[показать]...Облаченный в асфальтовые одеяния путь теперь уже уверенно вел Блад обратно, прикидывался той самой наипрочнейшей лентой, связывающей иных с любимыми местами. И неважно, то ли это место, где ты родился, вырос ли или просто полюбил за некое внутреннее родство. Просто и у городов есть души, что может притягивать к себе одних людей и отталкивать других. Через сотни километров Блад ждал Петербург. Не тянул настойчиво к себе, не звал, не торопил; он просто ждал. окунув в белесый туман задумчивый взгляд. Ждал, имея право ждать, тогда как другие лишь встречали...
Брюссель
Так встретил Блад и Брюссель, хотя сложно было сказать, помнил ли он ее вовсе, слишком коротко и давней была предыдущая встреча. Под холодным, недоверчивым взглядом незримых серых глаз становилось неуютно, а, быть может, причиной тому достигшие именно здесь своего пика неурядицы свей группы путешественников или готовый вот-вот начаться дождь. Сложно сказать... как и определить, действительно ли Брюссель пожелал испытать своих гостей или же лишь череда случайностей привела к тому, что одну из пар группы обокрали и вместо гида, отправившегося с пострадавшими в полицейский участок, к главному культовому месту Брюсселя группу повела сама Блад. Всего несколько десятков метров практически по прямой, а следом - группа взрослых, разумных и в общем-то вполне способных самостоятельно ориентироваться людей. Задача смешная сама по себе, но отчего-то Брюссель решил, наконец, смягчиться и ласково притянул к себе, погружая в немного суетную атмосферу узких торговых улочек, где на каждом углу пахло сладким - должно быть, известным бельгийским шоколадом и вафлями, - в витринах белели снежинки кружев, перемежавшихся со шарфами всевозможных оттенков и фасонов, и то здесь, то там сверкала нагая, стальная натура малышни, занимавшейся тем самым, что взрослые предпочли бы делать в строго уединенном порядке.

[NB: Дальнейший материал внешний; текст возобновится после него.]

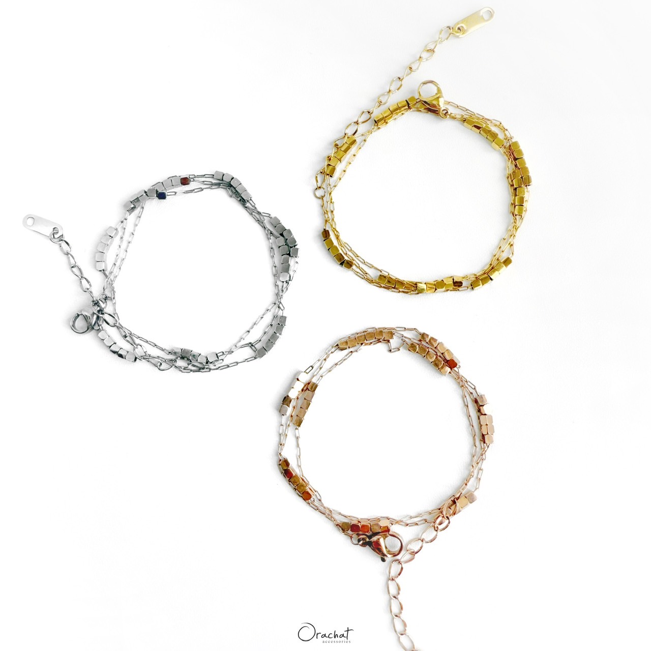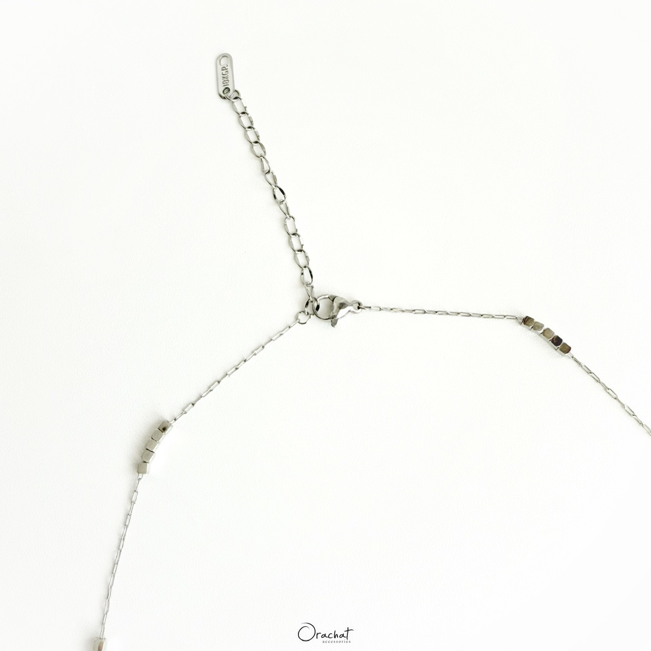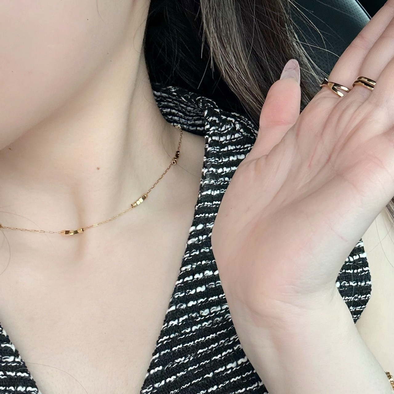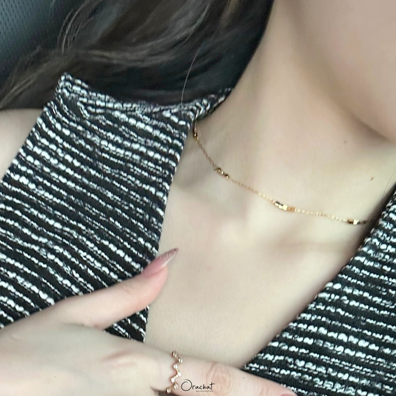 สายแฟต้องมีรุ่นนี้ เรียบๆ เก๋ๆ ใส่กับเสื้อทรงไหนก็สวย เผื่อหลายๆคนไม่รู้ว่าสร้อยคอแบบสั้นเป็นอีกหนึ่งไอเท็มงานคอที่ควรมีติดไว้เลยนะคะ ใส่กับเสื้อคอกลม คอวี คอลึก เสื้อเชิ้ต คือรอดหมด รุ่นนี้ไม่มีจี้แต่จะเป็นลายสี่เหลี่ยมแต่งเป็นระยะๆ เพิ่มความเล่นแสง เอาจริงแค่ใส่กับเสื้อเชิ้ตขาวเรียบๆยังสวยเลย

Вообще Блад всегда казалось, что Брюссель несколько равнодушен к своему главному дитяти, ставшему международным символом Писающему Мальчику. Вот группка туристов, сгрудившаяся вокруг фонтана, нацелив свои объективы на утерянную, как им кажется, ими самими естественность, детскую непорочность и умильную раскрепощенность, не ведающую еще рамок и нравов. Сам Брюссель стоит чуть в стороне от этой разноголосой толпы; кажется, еще чуть-чуть, он скучающим жестом сложит руки крестом на груди и шагнет к дверям ближайшей пивной, где плеснет в бокал из бочки куда более близкий ему фонтан. А мальчик на площади в полукруге зевак так все также и останется на некоторой ничейной территории, в которую порой превращаются места, истоптанные миллионами и миллиардами ног иностранных гостей... Да, говорят, что такой же тонкой струйкой неведомый мальчик потушил вражеские боеприпасы, но суть, обосновавшаяся внутри статуи, уже сполна глотнула шепотков и возгласов, каждый день раздающихся с площади, и повзрослела. Повзрослела, не имея возможности покинуть по-детски милую в своей непосредственности форму и теперь ей оставалось лишь ждать, пока мода на нее не пройдет или не появится нечто, затмевающее врезающий в память образ Брюсселя.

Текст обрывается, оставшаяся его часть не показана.